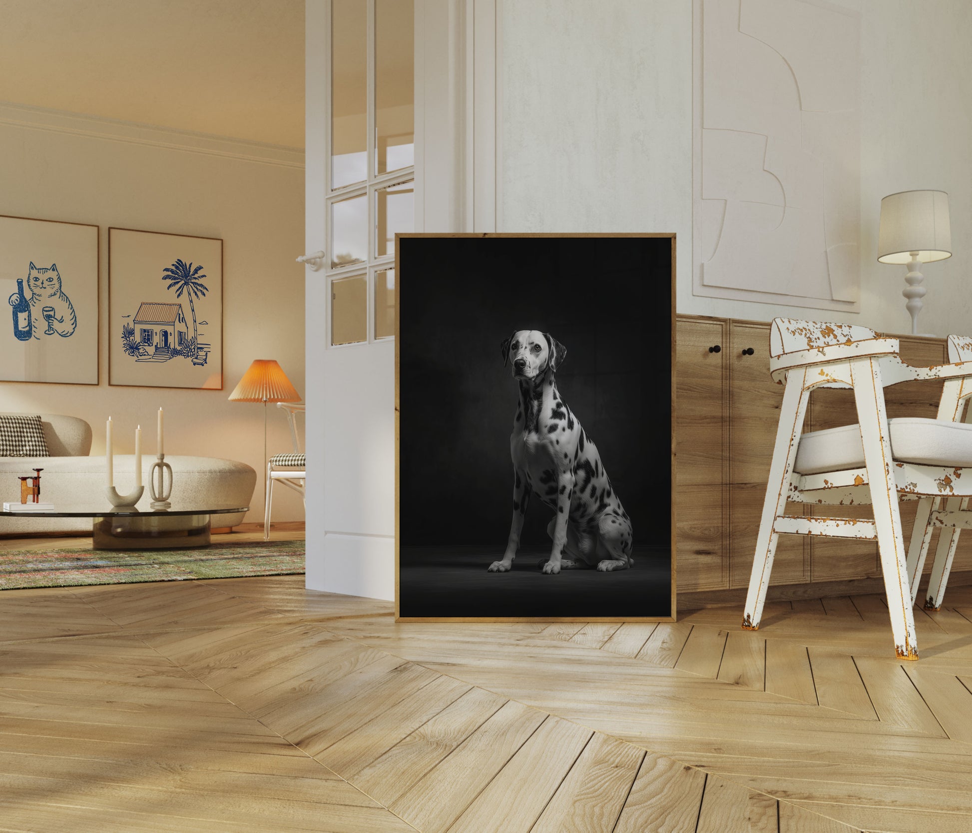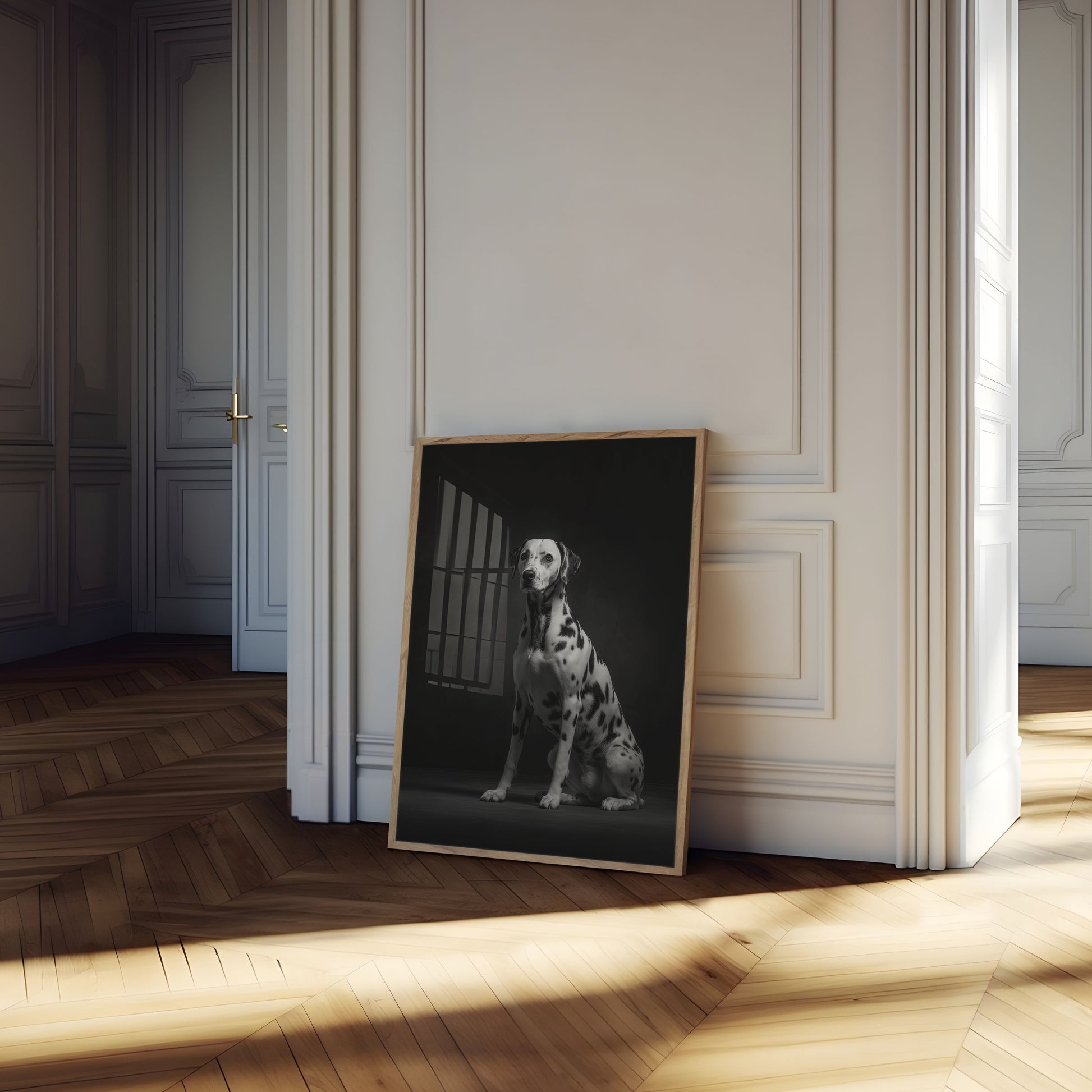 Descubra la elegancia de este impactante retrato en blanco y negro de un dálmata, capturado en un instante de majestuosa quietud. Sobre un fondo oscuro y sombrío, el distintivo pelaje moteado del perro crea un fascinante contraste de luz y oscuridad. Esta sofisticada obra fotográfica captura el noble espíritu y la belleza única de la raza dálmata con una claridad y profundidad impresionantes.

____________

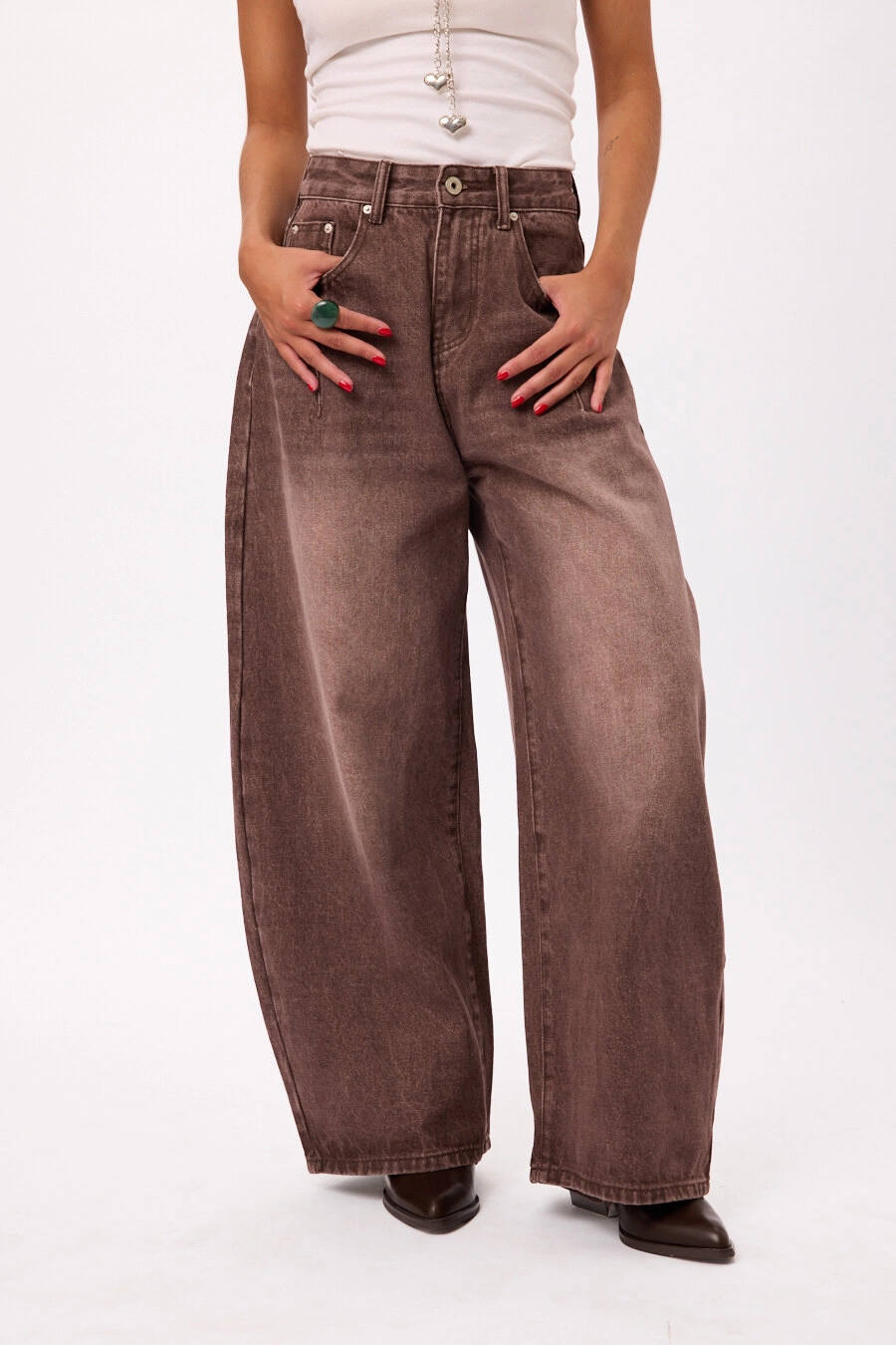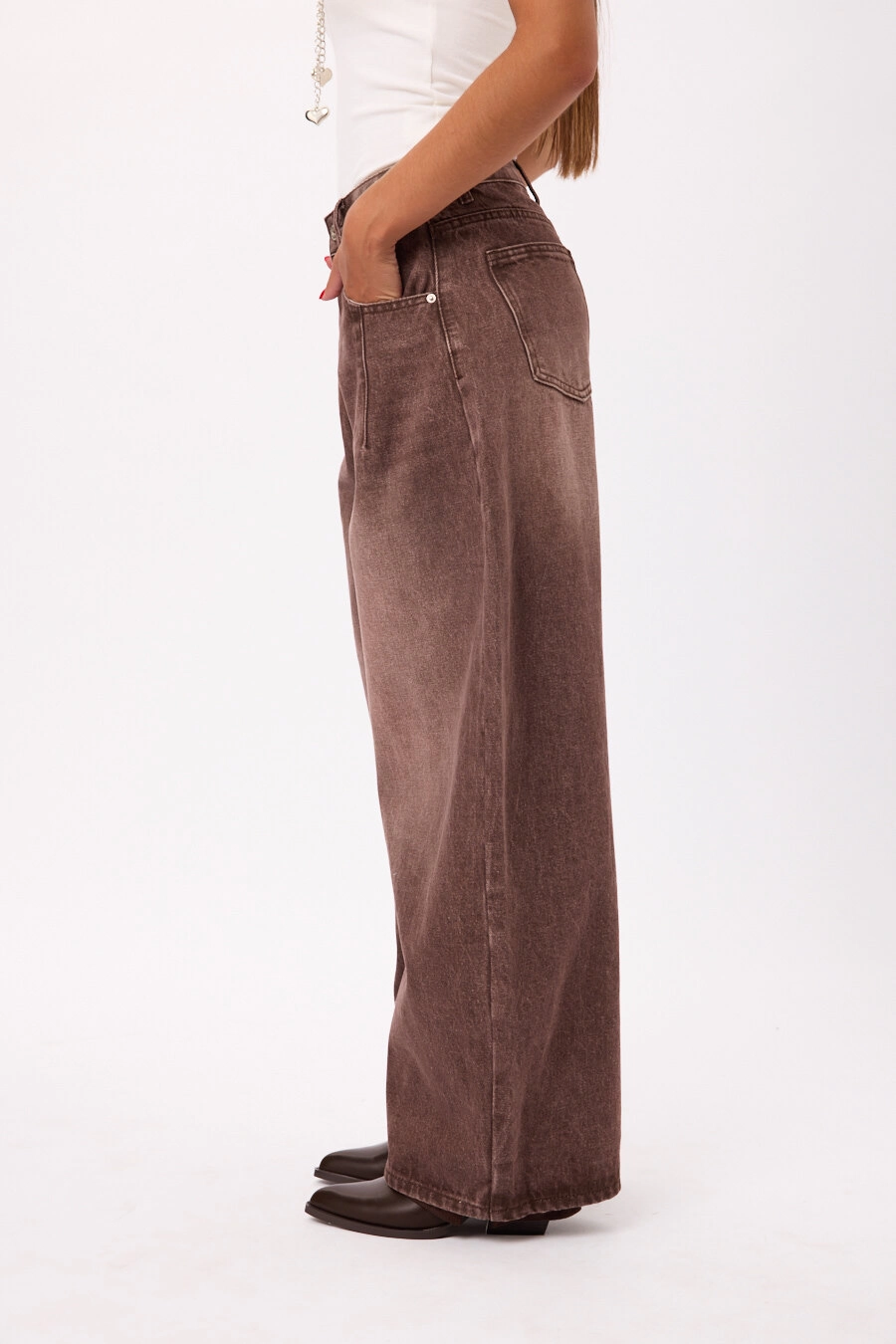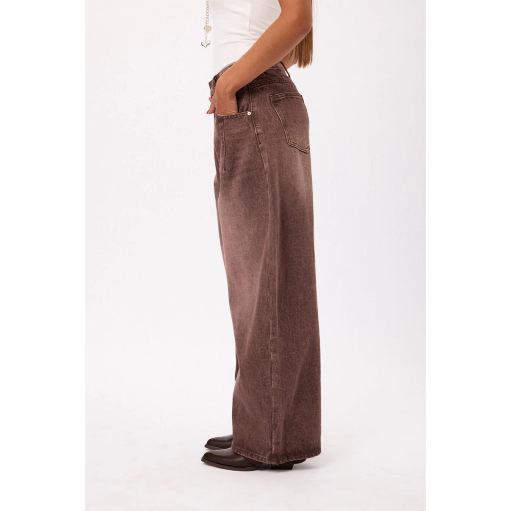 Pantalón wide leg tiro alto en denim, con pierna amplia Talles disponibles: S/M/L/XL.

____________

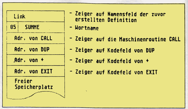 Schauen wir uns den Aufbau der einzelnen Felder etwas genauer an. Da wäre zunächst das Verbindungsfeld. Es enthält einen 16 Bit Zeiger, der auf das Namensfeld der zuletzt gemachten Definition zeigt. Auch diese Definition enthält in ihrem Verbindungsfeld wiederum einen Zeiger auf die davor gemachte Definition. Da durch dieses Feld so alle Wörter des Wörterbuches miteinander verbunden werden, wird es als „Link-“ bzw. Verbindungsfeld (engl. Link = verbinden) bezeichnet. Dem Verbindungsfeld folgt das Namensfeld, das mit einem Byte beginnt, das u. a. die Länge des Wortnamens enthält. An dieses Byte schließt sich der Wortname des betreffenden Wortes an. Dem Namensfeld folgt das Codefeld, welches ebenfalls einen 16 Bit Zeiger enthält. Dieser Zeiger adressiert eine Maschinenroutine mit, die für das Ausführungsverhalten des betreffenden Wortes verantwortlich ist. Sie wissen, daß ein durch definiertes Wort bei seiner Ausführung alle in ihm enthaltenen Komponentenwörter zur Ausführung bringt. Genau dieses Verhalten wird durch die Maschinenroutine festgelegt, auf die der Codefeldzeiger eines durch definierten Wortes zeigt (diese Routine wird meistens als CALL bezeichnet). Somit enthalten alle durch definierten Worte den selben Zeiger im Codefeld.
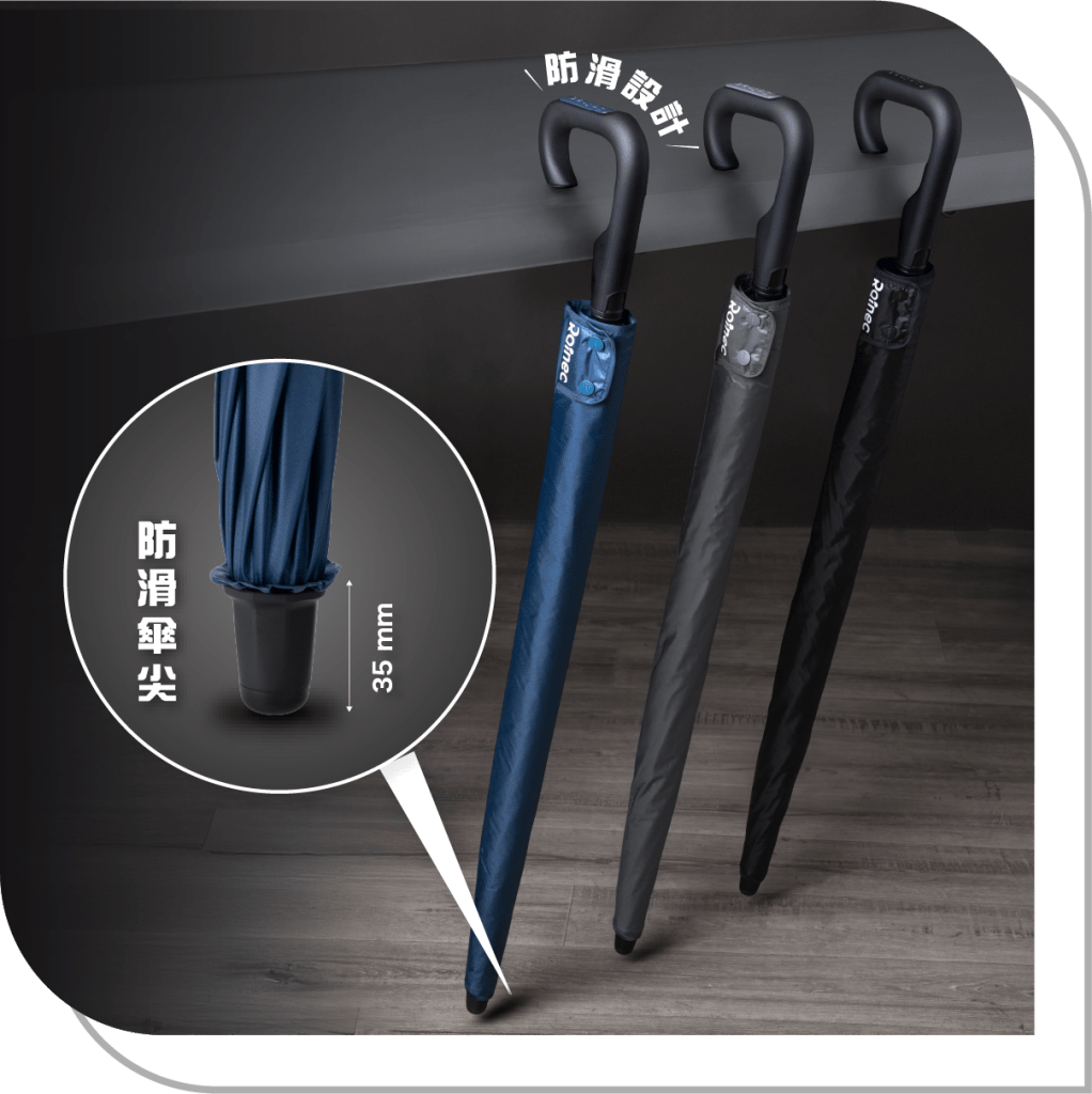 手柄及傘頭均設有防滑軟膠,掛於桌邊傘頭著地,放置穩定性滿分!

____________

## INSTRUCTIONS FOR THE TASK:
Your answer must be the exact lines from the records above, from the one containing "Schauen wir uns" through the one containing "手柄及傘頭均設有防滑軟膠,掛於桌邊傘頭著地,放置穩定性滿分!", both included, with every picture left out.

## RESPONSE FOR THIS EXERCISE:
 Schauen wir uns den Aufbau der einzelnen Felder etwas genauer an. Da wäre zunächst das Verbindungsfeld. Es enthält einen 16 Bit Zeiger, der auf das Namensfeld der zuletzt gemachten Definition zeigt. Auch diese Definition enthält in ihrem Verbindungsfeld wiederum einen Zeiger auf die davor gemachte Definition. Da durch dieses Feld so alle Wörter des Wörterbuches miteinander verbunden werden, wird es als „Link-“ bzw. Verbindungsfeld (engl. Link = verbinden) bezeichnet. Dem Verbindungsfeld folgt das Namensfeld, das mit einem Byte beginnt, das u. a. die Länge des Wortnamens enthält. An dieses Byte schließt sich der Wortname des betreffenden Wortes an. Dem Namensfeld folgt das Codefeld, welches ebenfalls einen 16 Bit Zeiger enthält. Dieser Zeiger adressiert eine Maschinenroutine mit, die für das Ausführungsverhalten des betreffenden Wortes verantwortlich ist. Sie wissen, daß ein durch definiertes Wort bei seiner Ausführung alle in ihm enthaltenen Komponentenwörter zur Ausführung bringt. Genau dieses Verhalten wird durch die Maschinenroutine festgelegt, auf die der Codefeldzeiger eines durch definierten Wortes zeigt (diese Routine wird meistens als CALL bezeichnet). Somit enthalten alle durch definierten Worte den selben Zeiger im Codefeld.
 手柄及傘頭均設有防滑軟膠,掛於桌邊傘頭著地,放置穩定性滿分!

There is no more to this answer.